A faithful transcription of all the data, images excluded, is the required answer.

Entries taken from a collection
________

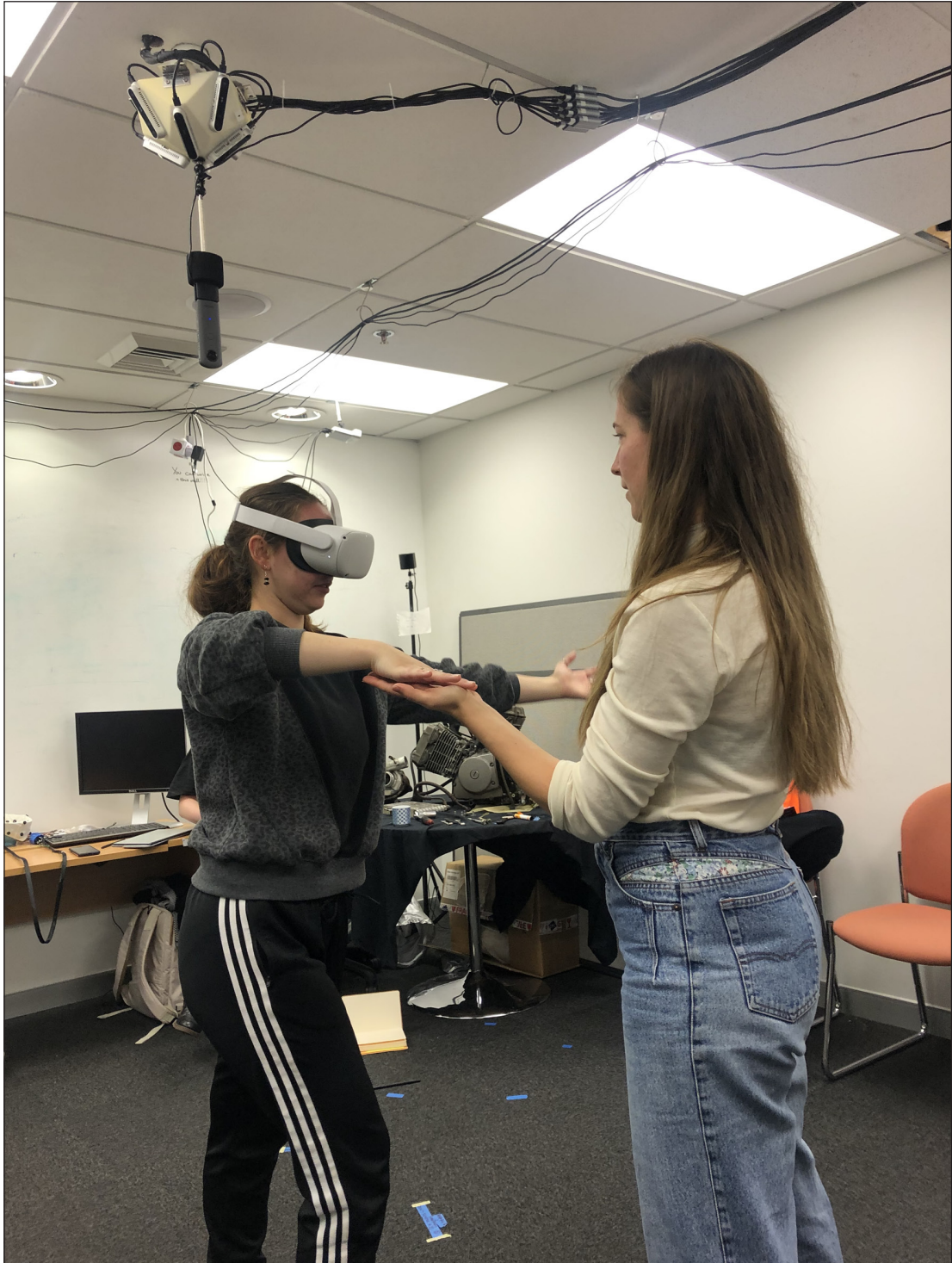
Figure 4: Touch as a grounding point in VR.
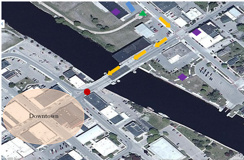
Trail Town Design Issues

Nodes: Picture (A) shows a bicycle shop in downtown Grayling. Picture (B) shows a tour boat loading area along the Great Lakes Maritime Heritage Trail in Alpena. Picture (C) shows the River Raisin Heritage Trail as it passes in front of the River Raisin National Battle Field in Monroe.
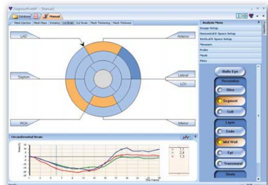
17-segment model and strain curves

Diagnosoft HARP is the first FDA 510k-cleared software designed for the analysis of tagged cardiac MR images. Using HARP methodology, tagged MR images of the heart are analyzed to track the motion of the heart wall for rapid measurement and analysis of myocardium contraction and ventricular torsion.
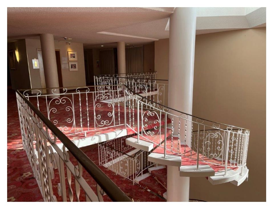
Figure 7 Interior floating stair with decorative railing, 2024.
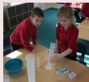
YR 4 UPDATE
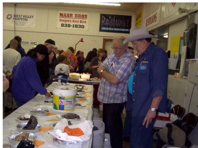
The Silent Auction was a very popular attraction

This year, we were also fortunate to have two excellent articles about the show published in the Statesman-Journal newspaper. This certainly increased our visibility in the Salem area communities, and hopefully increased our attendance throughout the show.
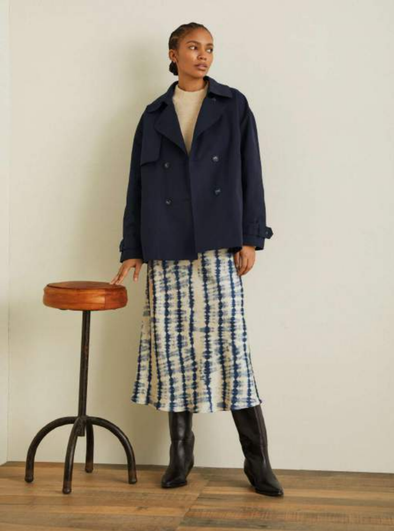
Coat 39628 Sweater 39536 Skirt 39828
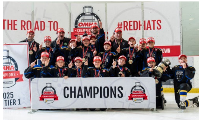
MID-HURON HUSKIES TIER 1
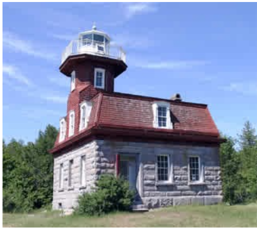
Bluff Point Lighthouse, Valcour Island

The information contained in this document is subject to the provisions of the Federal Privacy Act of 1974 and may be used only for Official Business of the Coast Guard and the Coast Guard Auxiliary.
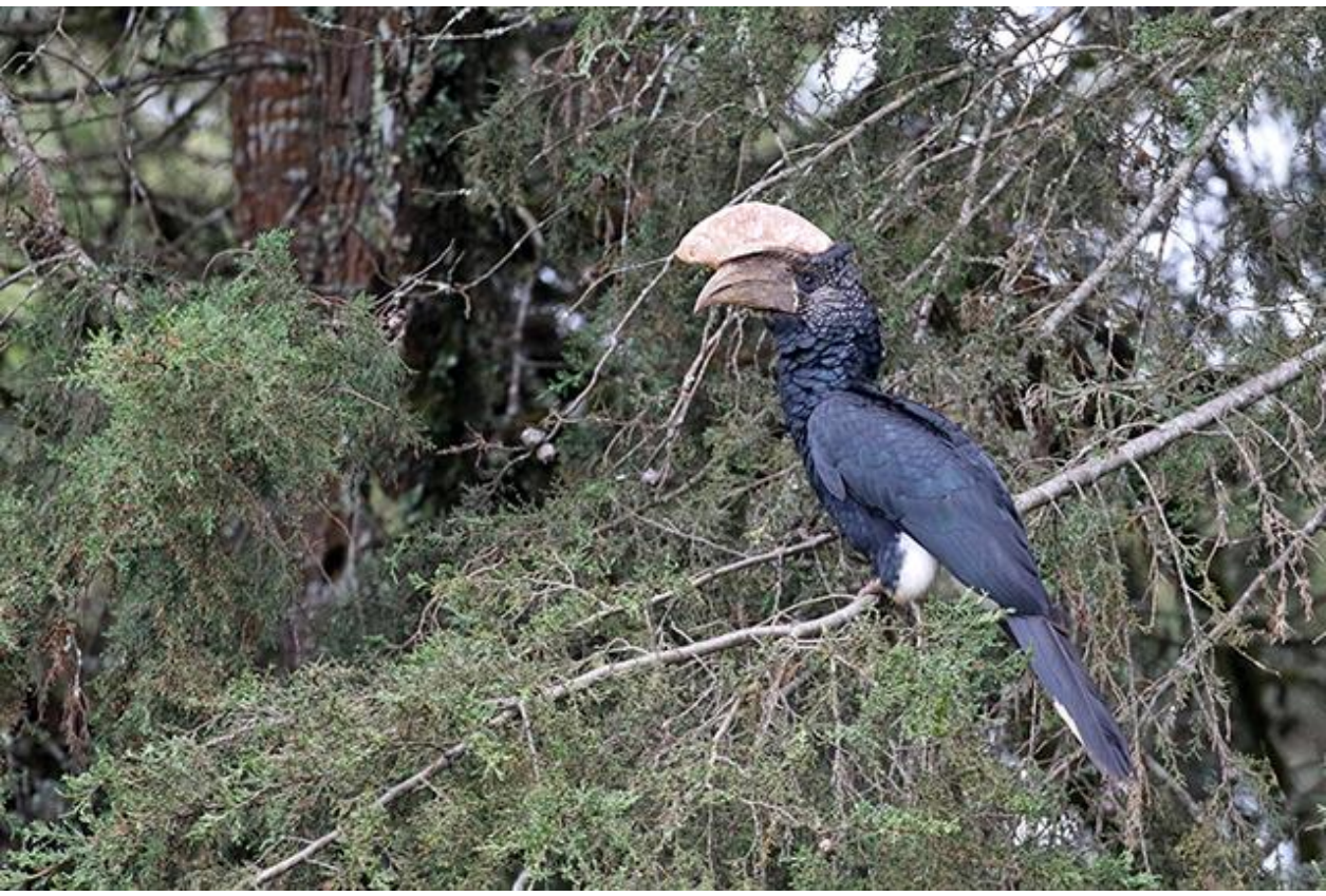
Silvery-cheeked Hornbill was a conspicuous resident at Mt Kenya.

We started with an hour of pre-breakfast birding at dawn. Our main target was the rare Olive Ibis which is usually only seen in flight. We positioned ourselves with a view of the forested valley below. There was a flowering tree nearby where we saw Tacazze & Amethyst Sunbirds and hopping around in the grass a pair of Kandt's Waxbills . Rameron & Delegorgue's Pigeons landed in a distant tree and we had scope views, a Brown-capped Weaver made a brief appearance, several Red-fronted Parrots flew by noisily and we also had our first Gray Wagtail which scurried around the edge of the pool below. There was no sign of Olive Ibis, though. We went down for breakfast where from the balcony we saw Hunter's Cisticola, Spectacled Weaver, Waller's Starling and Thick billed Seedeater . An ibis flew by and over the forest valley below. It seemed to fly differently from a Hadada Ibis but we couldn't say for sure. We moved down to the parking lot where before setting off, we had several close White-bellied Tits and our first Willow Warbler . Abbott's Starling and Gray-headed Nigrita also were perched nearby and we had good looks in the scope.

________

- [Output of the exercise]
Figure 4: Touch as a grounding point in VR.
Trail Town Design Issues

Nodes: Picture (A) shows a bicycle shop in downtown Grayling. Picture (B) shows a tour boat loading area along the Great Lakes Maritime Heritage Trail in Alpena. Picture (C) shows the River Raisin Heritage Trail as it passes in front of the River Raisin National Battle Field in Monroe.
17-segment model and strain curves

Diagnosoft HARP is the first FDA 510k-cleared software designed for the analysis of tagged cardiac MR images. Using HARP methodology, tagged MR images of the heart are analyzed to track the motion of the heart wall for rapid measurement and analysis of myocardium contraction and ventricular torsion.
Figure 7 Interior floating stair with decorative railing, 2024.
YR 4 UPDATE
The Silent Auction was a very popular attraction

This year, we were also fortunate to have two excellent articles about the show published in the Statesman-Journal newspaper. This certainly increased our visibility in the Salem area communities, and hopefully increased our attendance throughout the show.
Coat 39628 Sweater 39536 Skirt 39828
MID-HURON HUSKIES TIER 1
Bluff Point Lighthouse, Valcour Island

The information contained in this document is subject to the provisions of the Federal Privacy Act of 1974 and may be used only for Official Business of the Coast Guard and the Coast Guard Auxiliary.
Silvery-cheeked Hornbill was a conspicuous resident at Mt Kenya.

We started with an hour of pre-breakfast birding at dawn. Our main target was the rare Olive Ibis which is usually only seen in flight. We positioned ourselves with a view of the forested valley below. There was a flowering tree nearby where we saw Tacazze & Amethyst Sunbirds and hopping around in the grass a pair of Kandt's Waxbills . Rameron & Delegorgue's Pigeons landed in a distant tree and we had scope views, a Brown-capped Weaver made a brief appearance, several Red-fronted Parrots flew by noisily and we also had our first Gray Wagtail which scurried around the edge of the pool below. There was no sign of Olive Ibis, though. We went down for breakfast where from the balcony we saw Hunter's Cisticola, Spectacled Weaver, Waller's Starling and Thick billed Seedeater . An ibis flew by and over the forest valley below. It seemed to fly differently from a Hadada Ibis but we couldn't say for sure. We moved down to the parking lot where before setting off, we had several close White-bellied Tits and our first Willow Warbler . Abbott's Starling and Gray-headed Nigrita also were perched nearby and we had good looks in the scope.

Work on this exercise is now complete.